Again we shouted for Sister, with no result.
You have no idea how horrible it was to lie there in the darkness and
listen to movements made by we knew not what. We felt bitterly towards
Sister Anna, never thinking of what her feelings would be if she came
confidingly to our help and was confronted by some fearsome animal.
"If only," said G., "we knew what time it was and when it will be
light. I can't _live_ like this long. Let go my arm, can't you?"
"I daren't," I said. "You're all I've got to hold on to."
We lay and listened, and we lay and listened, but the padding
footsteps didn't come back; and then I suppose we must have fallen
asleep, for the next thing we knew was that the _ayahs_ were standing
beside us with tea, and the miserable night was past.
G. and I looked at each other rather shamefacedly.

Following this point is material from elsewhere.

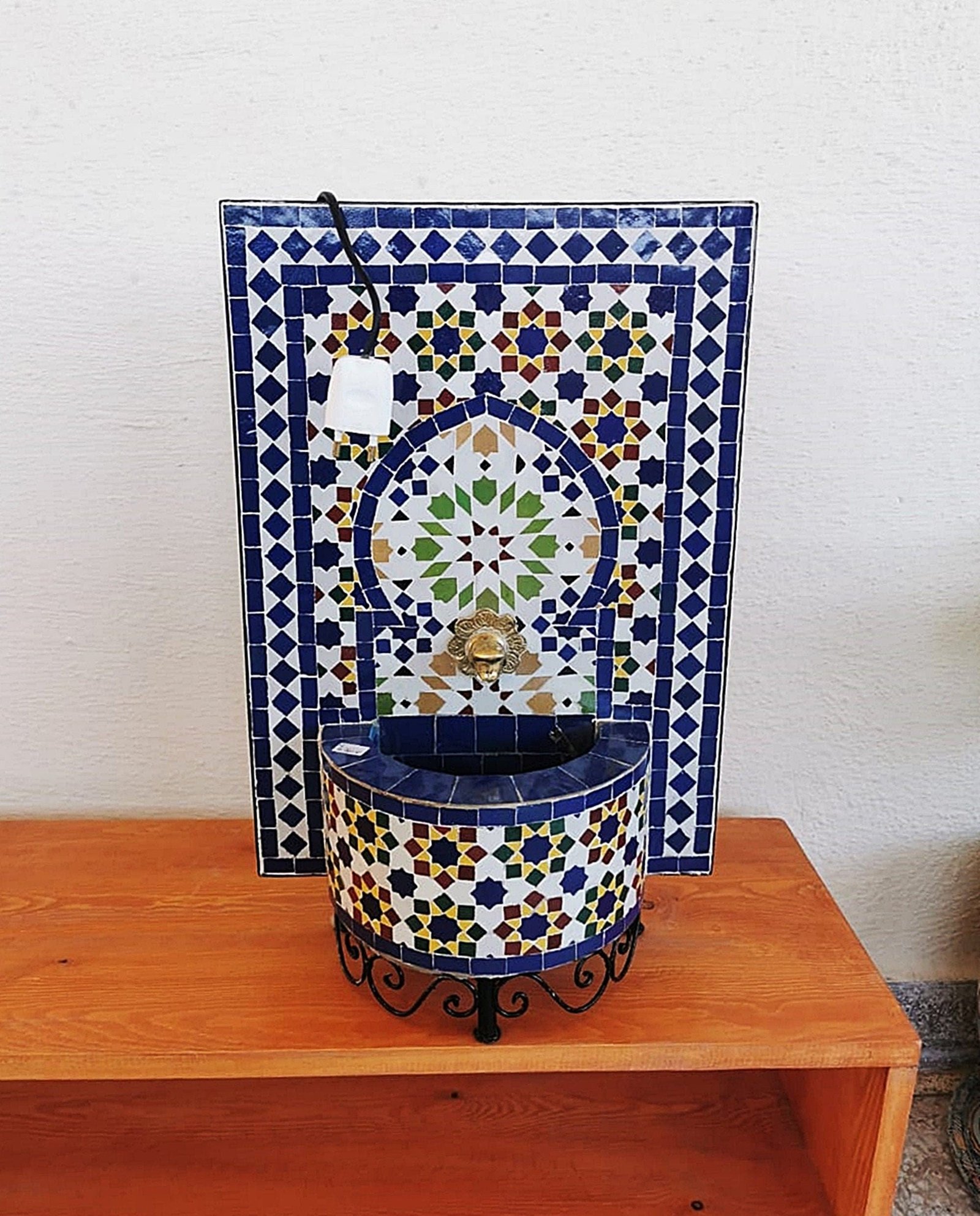 this amazing traditional Moroccan Fountain was handcrafted by A professional worker, it represents the cultural diversity of Moroccan handcrafts and that is because of its design, material and the colors used at the surface of the table, the height of this amazing piece of art is 55 cm with a width of 40 cm and a possibility of personal customization. by obtaining such objects you would be helping a dying craft to flourish again so that contact between the past and the present would never die not mentioning the happiness it would bring to poor workers on fields like this .

"Did we dream it?" I asked,
G. was rubbing her arm where I had gripped it.
"I didn't dream this, anyway," she said; "it's black and blue."
At breakfast we knew the bitterness of having our word doubted; no one
believed our report. They laughed at us and said we had dreamt it, or
that we had heard a mouse, and became so offensive in their unbelief
that G. and I rose from the table in a dignified way, and went out to
walk in the compound.
We are very busy collecting things to take home with us. (Did I
tell you G.'s berth had been booked in the ship I sail in--the
_Socotra_--it sails about the 23rd?) The _chicon-wallah_ came this
morning and spread his wares on the verandah floor--white rugs from
Kashmir, embroidered gaily in red and green and blue; tinsel mats and
table centres; pieces of soft bright silk; dainty white sewed work.